Put another way, if we do not have strong parties that have a chance to harness and organise our diverse “factions,” then what hope do we have for a functioning political life in the long term? Or we can think about it this way: The two big parties are not going anywhere, at least not any time soon. We may not like them. In fact, most of us do not like either of them right now. But we do not have a real chance, legally or politically, of replacing them anytime soon. They have enshrined their power into state election laws, all three branches of the government, and voters’ political imaginations. It might not be easy to make them representative of broad swaths of Sierra Leone or to have them check and moderate each other, but we had better try. Wishing the parties away for today’s Sierra Leone is like wishing a family history of a specific health threat away. The only response is to know and combat the threat rather than to hope it disappears. Of course, accepting that the parties we have are better than most likely alternatives does not do anything to solve the issues the current system presents. We should think carefully and in search of specific practical reforms toward the end of improving the things that do cure the party system we have today.

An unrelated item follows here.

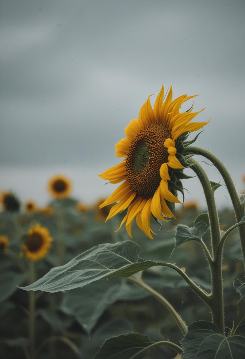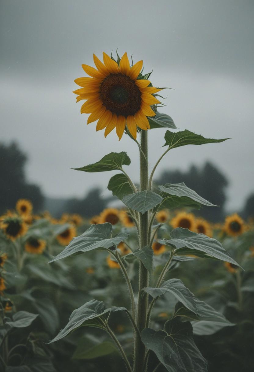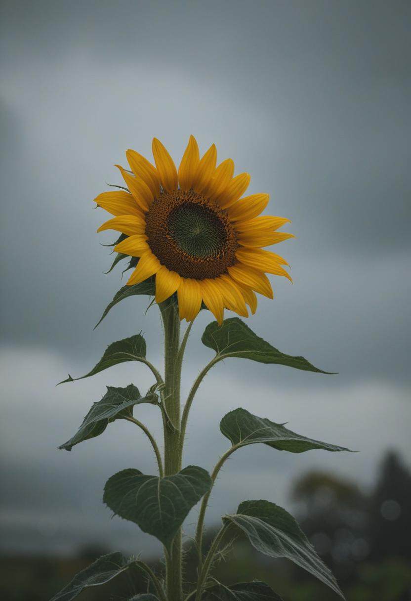 41. A calm studio shot features a sunflower in a cloudy, overcast setting, exuding a serene and peaceful sunflower aesthetic.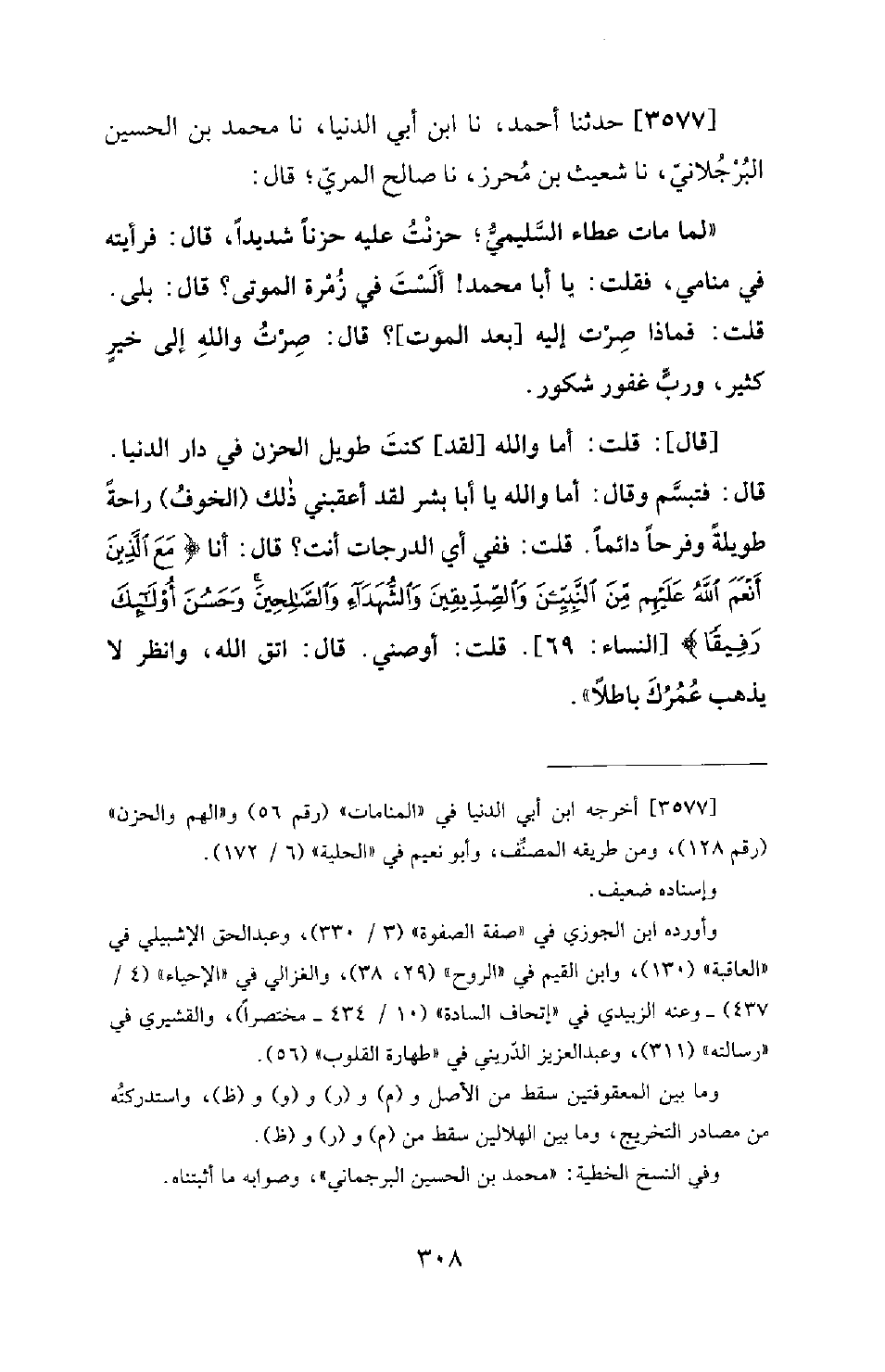 3577 - حَدَّثَنَا أَحْمَدُ، نا ابْنُ أَبِي الدُّنْيَا، نا مُحَمَّدُ بْنُ الْحُسَيْنِ الْبُرْجُلانِيُّ، نا شُعَيْثُ بْنُ مُحْرِزٍ، نا صَالِحٌ الْمُرِّيُّ؛ قَالَ: لَمَّا مَاتَ عَطَاءٌ السَّلِيمِيُّ؛ حَزِنْتُ عَلَيْهِ حُزْنًا شَدِيدًا، قَالَ: فَرَأَيْتُهُ فِي مَنَامِي، فَقُلْتُ: يَا أَبَا مُحَمَّدٍ! أَلَسْتَ فِي زُمْرَةِ الْمَوْتَى؟ قَالَ: بَلَى. قُلْتُ: فَمَاذَا صِرْتَ إِلَيْهِ [بَعْدَ الْمَوْتِ] ؟ قَالَ: صِرْتُ وَاللهِ إِلَى خَيْرٍ كَثِيرٍ، وَرَبٍّ غَفُورٍ شَكُورٍ. [قَالَ] : قُلْتُ: أَمَا وَاللهِ [لَقَدْ] كُنْتَ طَوِيلَ الْحُزْنِ فِي دَارِ الدُّنْيَا. قال: فتبسم وقال: أما وَاللهِ يَا أَبَا بِشْرٍ لَقَدْ أَعْقَبَنِي ذَلِكَ الْخَوْفُ رَاحَةً طَوِيلَةً وَفَرَحًا دَائِمًا. قُلْتُ: فَفِي أَيِّ الدَّرَجَاتِ أَنْتَ؟ قَالَ: أَنَا {مَعَ الَّذِينَ أَنْعَمَ اللهُ عَلَيْهِمْ مِنَ النَّبِيِّينَ وَالصِّدِّيقِينَ وَالشُّهَدَاءِ وَالصَّالِحِينَ وَحَسُنَ أُولَئِكَ رَفِيقًا} [النساء: 69] . قُلْتُ: أَوْصِنِي. قَالَ: اتَّقِ اللهَ، وَانْظُرْ لا يَذْهَبُ عُمُرُكَ بَاطِلا.

Taken together, SLPP and APC, along with the impressive collection of thinkers who continue to contribute to our contraption, provide their readers with an innovative, historically grounded, and good faith look at Sierra Leone today and how we might work toward a better Sierra Leone tomorrow. This is not a manual for those who want quick fixes and is not Pollyanna’s treatise of Sierra Leonean exceptionalism. And this is where its virtue lies. It takes a sober look at where we have come to and resolves to use our history, the creativity built into our unique system, and a commitment to civic hopefulness as tools to do the real work of citizenship: to strive to see the good in one’s fellow Sierra Leonean and to apply one’s gifts toward making the whole community a place with a stronger common good. While this anthology presents a worthy look at some of the major things that trouble Sierra Leone’s democracy today, it is short on specific, realistic policy proposals that could lead to widespread improvement. The question of what to do next, then, is largely left up to the reader, but it is the most important conundrum facing those who want to rejuvenate Sierra Leonean political life.